ENEM 2017 - Desafios para a formação educacional de surdos no Brasil
Enviada em 06/11/2017
O sociólogo Augosto Comte compara a sociedade com um organismo vivo. Assim como um organismo, as partes que o constituem são interdependentes; se uma falha, todas as outras são prejudicadas. Baseando-se nessa teoria, convém discutir os desafios para a formação educacional de surdos no Brasil, já que a não inserção deles no ensino compromete a equidade do corpo social. Nesse sentido, a má qualificação de professores e a insuficiente tecnologia para o aprendizado dessa população representam justificativas fundamentais para essa problemática.
De início, é lícito observar o desinteresse das pessoas em graduações de licenciatura, a baixa especialização dos professores e o fechamento de inúmeros cursos de formação de educadores no Brasil. Frente a isso, os deficientes auditivos encontram dificuldades ao ingressarem em escolas de ensino básico, fundamental e superior por não obterem professores capacitados a lhes ensinar libras ou Sistema Braille. Com isso, ocorre uma segregação da população surda, uma vez que não é fornecido a eles um ensino equivalente as suas necessidades. Logo, como consequência de uma educação de baixa qualidade aos surdos, eles são segregados do mercado de trabalho, fato que contribui para o aumento da discriminação, bem como exclui pessoas com grande potencial cognitivo da educação.
Em segundo lugar, o Brasil é um país que tem desenvolvido sua tecnologia nos últimos anos e, com isso, melhorou o sistema agroexportador e setores de pesquisa, como na saúde. Esse cenário evolutivo também deveria ser aproveitado para aprimorar programas digitais, como tradutores de voz, em escolas e universidades a fim de promover uma inserção justa e igualitária dos surdos no sistema de ensino. Nessa perspectiva, consoante o filósofo Henry Thoureau, o desenvolvimento de uma sociedade está diretamente relacionado a qualificação educacional de sua população. Assim, com a difusão da tecnologia, muitos deficientes auditivos podem estar em sala de aula, fato que contribui diretamente para reduzir a desigualdade social do país, pois, isso evitaria que essa minoria dependesse de seus familiares economicamente ou se tornassem pedintes ou mendigos em centros urbanos, muito comum no contexto brasileiro atual.

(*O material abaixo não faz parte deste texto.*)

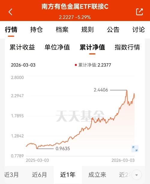 看到早盘那波拉升,有色又开始活跃了。我琢磨着行情可能要轮动到这,就买了些$南方中证申万有色金属ETF发起联接A$(004432)。看看历史走势,整个板块去年涨了92%,这力度在去年那种环境里算很突出了。现在很多迹象都对它有利,生产端受限、库存走低,消费端倒是稳中带升,这种错配容易产生持续性机会。我看过它的业绩,近一年净值翻了一倍,这种表现确实吸引人。#全球股市集体大反攻你的仓位配置如何?#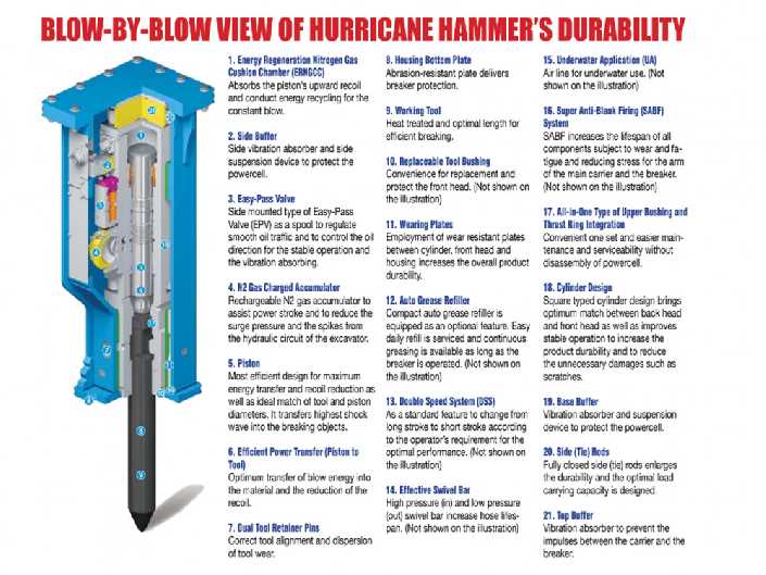 Hurricane Hydraulic Hammers break rock and concrete in the toughest demolition, construction, quarrying and tunneling jobs. Hammers are available in 10 sizes from 350 to 12,000 foot-pound working class. The Hurricane Hammer is easily connected to variety of carriers – skid steers, mini-exs and large excavators. The Hurricane Hammer is an ideal combination of design simplicity and rigorous durability that maximizes efficiency and operational value for your business.
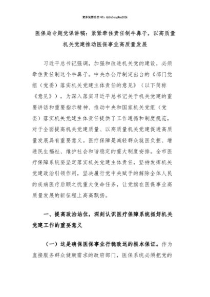【七哥公文】2025年:【七哥公文】医保局专题党课讲稿:紧紧牵住责任制牛鼻子,以高质量机关党建推动医保事业高质量发展+更多免费公文+VX:QiGeGongWen2024+更多免费公文+VX:QiGeGongWen2024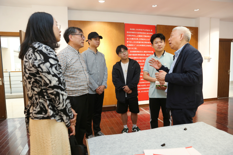 5月7日中午,公司在领秀展厅举行了杨兆群大师师生作品展开幕式暨名师工作室揭牌仪式。江苏省工艺美术大师杨兆群亲临现场,公司党委书记吴访升,党委委员、副董事长张文明,员工工作处处长凌琳,创意设计公司党总支书记祝燕芳,宣传部副部长蒋鹏及师生代表50余人参加了开幕式和揭牌仪式。常州工程职业技术公司万莉君老师作为常州市非遗传承师徒结对的代表也受邀参加了本次活动。开幕式由文化传承与创新中心顾明智教授主持。
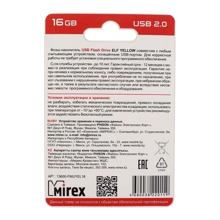 Ниже Вы можете прочитать отзывы на USB Флеш-накопитель MIREX ELF YELLOW 16GB, ознакомится с подробными характеристиками, посмотреть интересные обзоры и фотографии на USB Флеш-накопитель MIREX ELF YELLOW 16GB.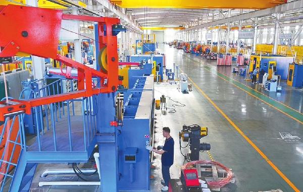 近日,在宁晋县缆芯高导河北科技有限公司车间内,工人正在进行生产设备作业。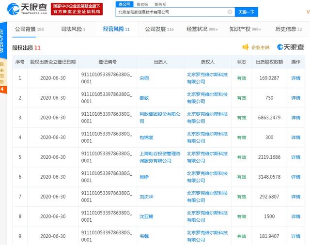 7月6日,记者在天眼查上发现,理想汽车的运营主体北京车和家信息技术有限公司(以下简称车和家)新增11条股权出质信息,11位股东全部出质股权,质权人为北京罗克维尔斯科技有限公司(以下简称罗克维尔斯)。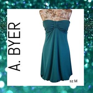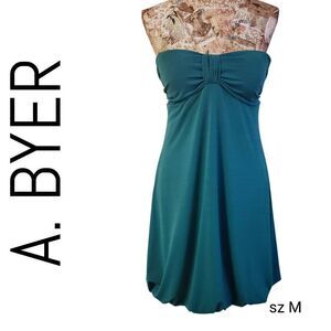 A. Byer Teal Blue Green Strapless Babydoll Waist Balloon Hem Cocktail Short Sexy Dress sz M in EXCELLENT like NEW Condition! Only worn once. Perfect for dance cocktail party formal graduation cruise. See photos for details and approximate measurements.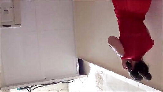 A graceful striptease of a limber dame. Crimson sundress
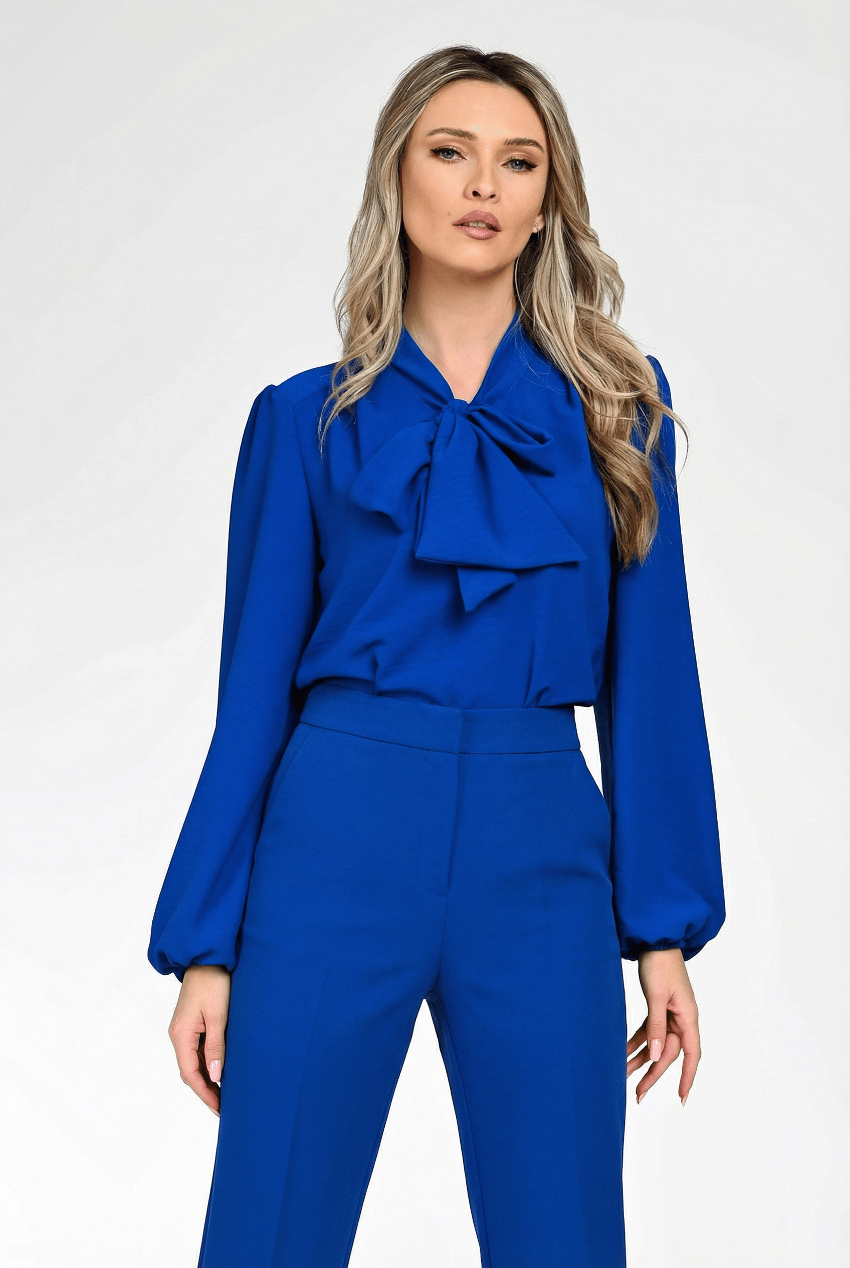 Bluza Diana atrage prin nuanța intensă de albastru regal și designul feminin, ideal pentru ținute office sau elegante. Detaliul tip fundă la gât adaugă un aer sofisticat și rafinat, transformând piesa într-un element statement al ținutei. Croiul lejer oferă confort, iar mânecile lungi, ușor bufante, sunt finisate cu manșete elastice pentru o purtare plăcută pe tot parcursul zilei.

Com a finalidade de promover uma formação justa e igualitária aos surdos, é necessário o Estado e a iniciativa privada, como universidades, investirem na qualificação dos professores para eles terem condições de ensinar qualquer tipo de aluno, deficiente ou não. Tal ação pode ser realizada por meio de intercâmbios para países que já possuem um ensino inclusivo, como na Europa e, assim, educadores que aprendam a utilizar e a desenvolver uma educação e uma tecnologia inclusiva. A execução dessa ação contribuirá para que a maioria de surdos brasileiros consigam melhor formação educacional.